Moles of S203^2- = (molarity)(volume):
=(0.032400 mol/L)(0.053 litres S203^2-)
= 0.03240 moles S203^2-
Moles if I2 based on Equation #2:
Moles I2 = (1/2)( 0.03240 moles S203^2-)
= .00086 moles I2
Moles of ClO^- based on Equation #1:
Moles ClO-(aq) = (2/3)(.00086 moles I2)
= .00057 moles ClO^3-
moles of ClO-(aq) = moles of NaOCl
.00057 moles ClO^3- = .00057 moles NaOCl
NaOCl mass = (molar mass * moles) = (74) (.00057) = 0.04235 g
Do we assume this gives us grams of NaOCl per 0.5 mL of bleach solution, since we didn’t divide or multiply 0.0005 L with anything? And to make it NaOCl / 100 mLs of bleach do we multiply the by 100?
Okay its not lettin me post up i dunt knwo why but the answer i got was
NaOCl mass = (molar mass * moles)
= (74) (.00057) = 0.04235 g
Do we assume this gives us grams of NaOCl per 0.5 mL of bleach solution, since we didn’t divide or multiply 0.0005 L with anything? And to make it NaOCl / 100 mLs of bleach do we multiply the by 100?

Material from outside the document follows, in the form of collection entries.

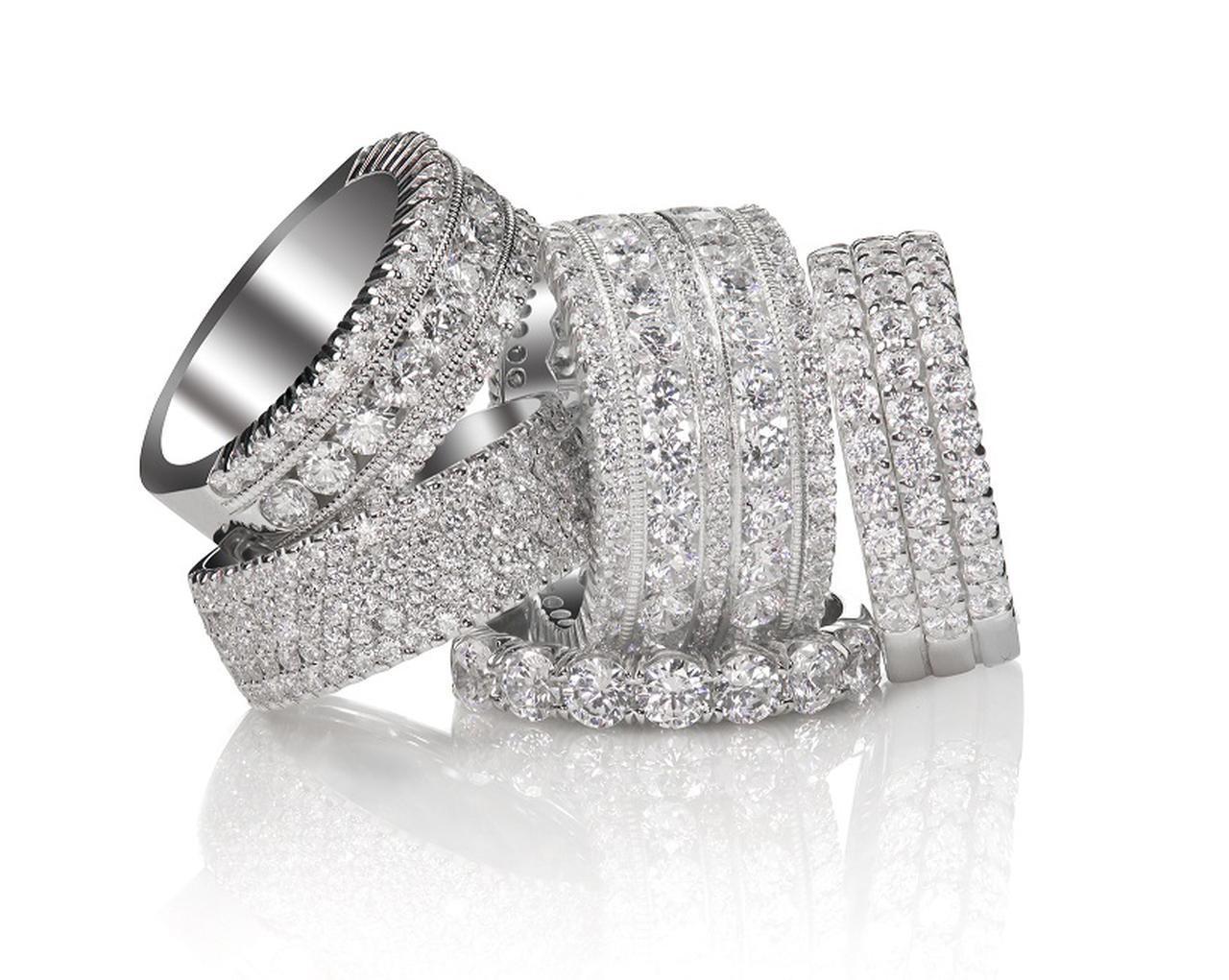 どの角度からでも宝石の美しい煌めきを楽しめることや、途切れないデザインが“永遠の愛”を象徴するため、近年、結婚指輪や婚約指輪のバンド部分に取り入れるデザインとして人気が高まっている。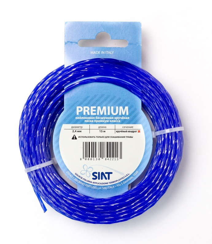 Леска триммерная SIAT PREMIUM D 2,4 мм 15м крученый квадрат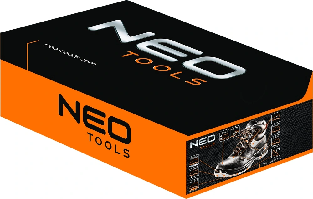 Черевики робочі NEO ― це основний засіб особистого захисту під час праці. Виготовлені з високоякісної шкіри, має світловідбивні вставки, що гарантують підвищену видимість користувача у будь-яких умовах. Протиковзна підошва має систему амортизації струсів, що забезпечують безпеку та зручність. Металевий вкладиш проти пробиття та металеве зміцнення в носку захищають від механічних травм. Завдяки м’якій підкладці всередині черевика досягається високий рівень комфорту під час праці. Маркування CE ― це гарантія безпеки, яка доводить, що продукт відповідає всім вимогам Європейського Союзу. Марка NEO відповідає очікуванням професіоналів.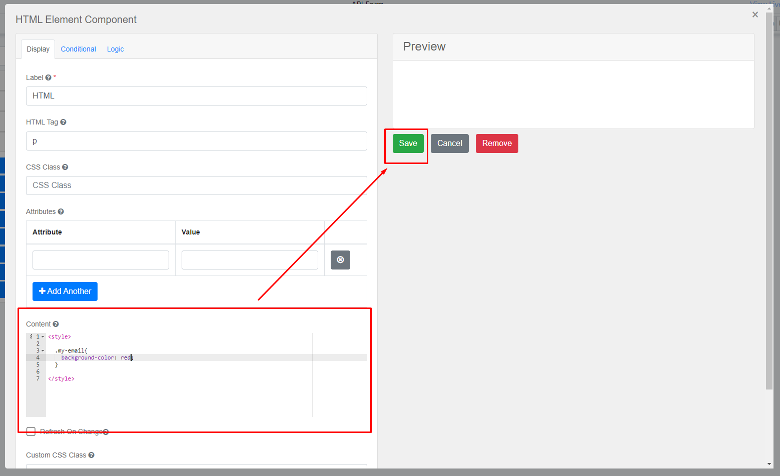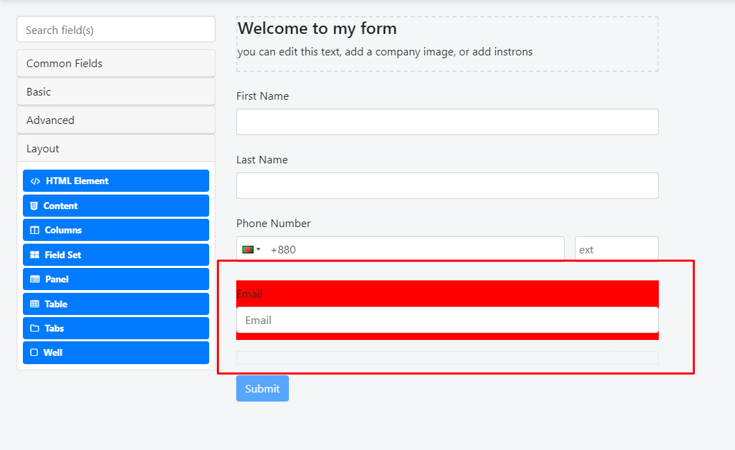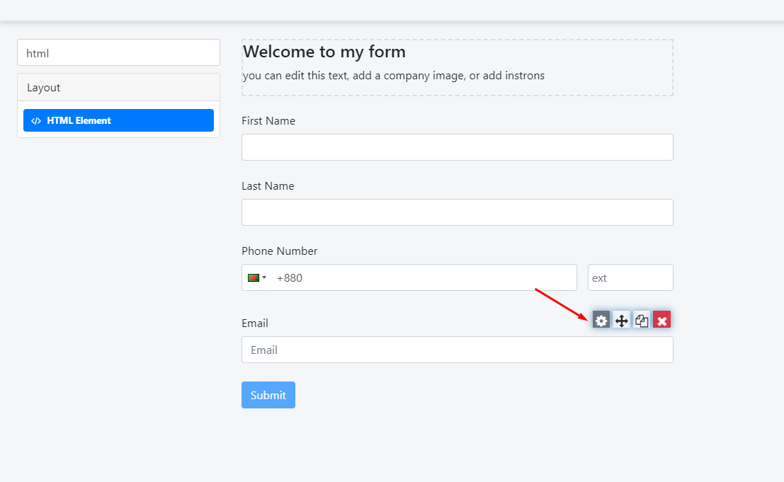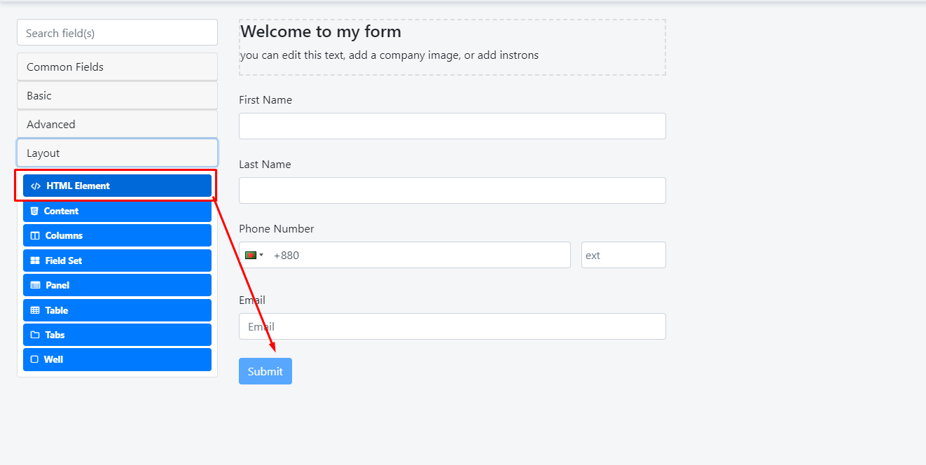 在“布局”部分下,我们有“HTML 元素”。 请将该元素拖到表单中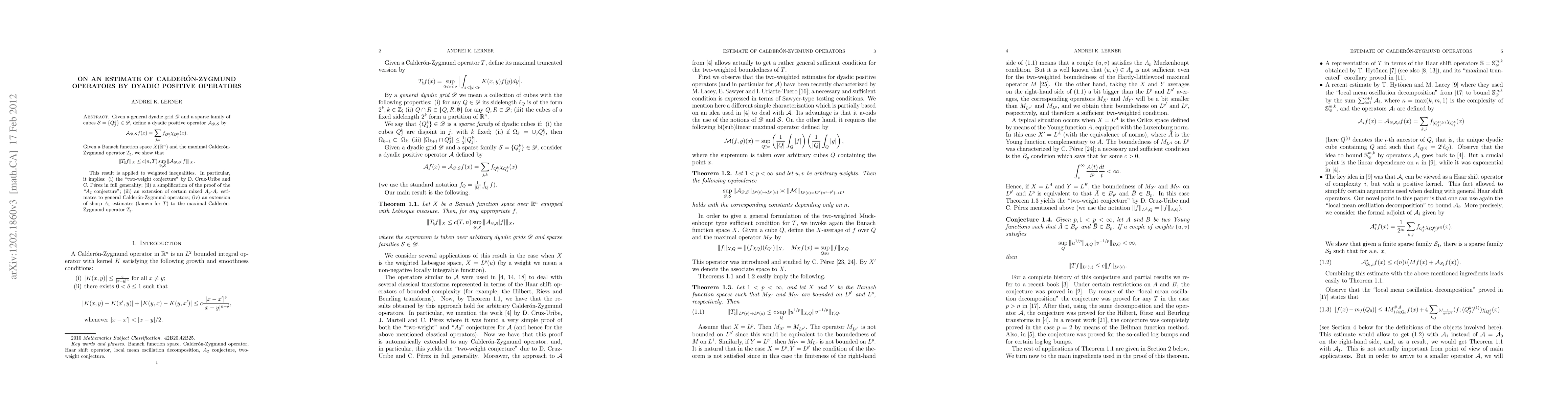 The paper establishes a key inequality relating Calderon-Zygmund operators to dyadic positive operators, with implications for weighted inequalities, including the two-weight conjecture and extensions of mixed $A_p$-$A_r$ estimates.

Moles of S203^2- = (molarity)(volume):
=(0.032400 mol/L)(0.053 litres S203^2-)
= 0.03240 moles S203^2-
I don't know if you made a typo or not but 0.03240 x 0.0530 is not 0.03240. You need to check your arithmetic. I get something like 0.064 or so for g NaOCl. That is g NaOCl in 0.5 mL (as GK said in his first response to your last posting). So you multiply this (again, just as he said) by 100/0.5 if you want the answer in g/100 mL. By the way, the molar mass of NaOCl is 74.44 and not 74.0. One reason you may be having trouble posting is you can not copy and paste. Try typing it in and you should have no trouble.
To answer your question, let's break down the calculations and understand each step.
First, we have the moles of S203^2-:
Moles of S203^2- = (molarity)(volume) = (0.032400 mol/L)(0.053 L S203^2-) = 0.03240 moles S203^2-
Next, we have the moles of I2 based on Equation #2:
Moles I2 = (1/2)(0.03240 moles S203^2-) = 0.00086 moles I2
Then, we have the moles of ClO^- based on Equation #1:
Moles ClO-(aq) = (2/3)(0.00086 moles I2) = 0.00057 moles ClO^3-
Now, you are asking how to convert moles of ClO-(aq) to grams of NaOCl in a given amount of bleach solution.
Since the molar mass of NaOCl is 74 g/mol, we can calculate the mass of NaOCl using the formula: mass = (molar mass) * (moles).
Therefore, the mass of NaOCl in grams would be:
NaOCl mass = (74 g/mol) * (0.00057 moles) = 0.04235 g
Now, if you want to determine the grams of NaOCl per 0.5 mL of bleach solution, you need to divide the mass of NaOCl by the volume of bleach solution, which is 0.5 mL.
To convert this to NaOCl per 100 mL of bleach solution, you would then multiply the result by 100, since 0.5 mL is 1/200th of 100 mL.
I hope this clarifies the calculations for you. Let me know if you have any further questions!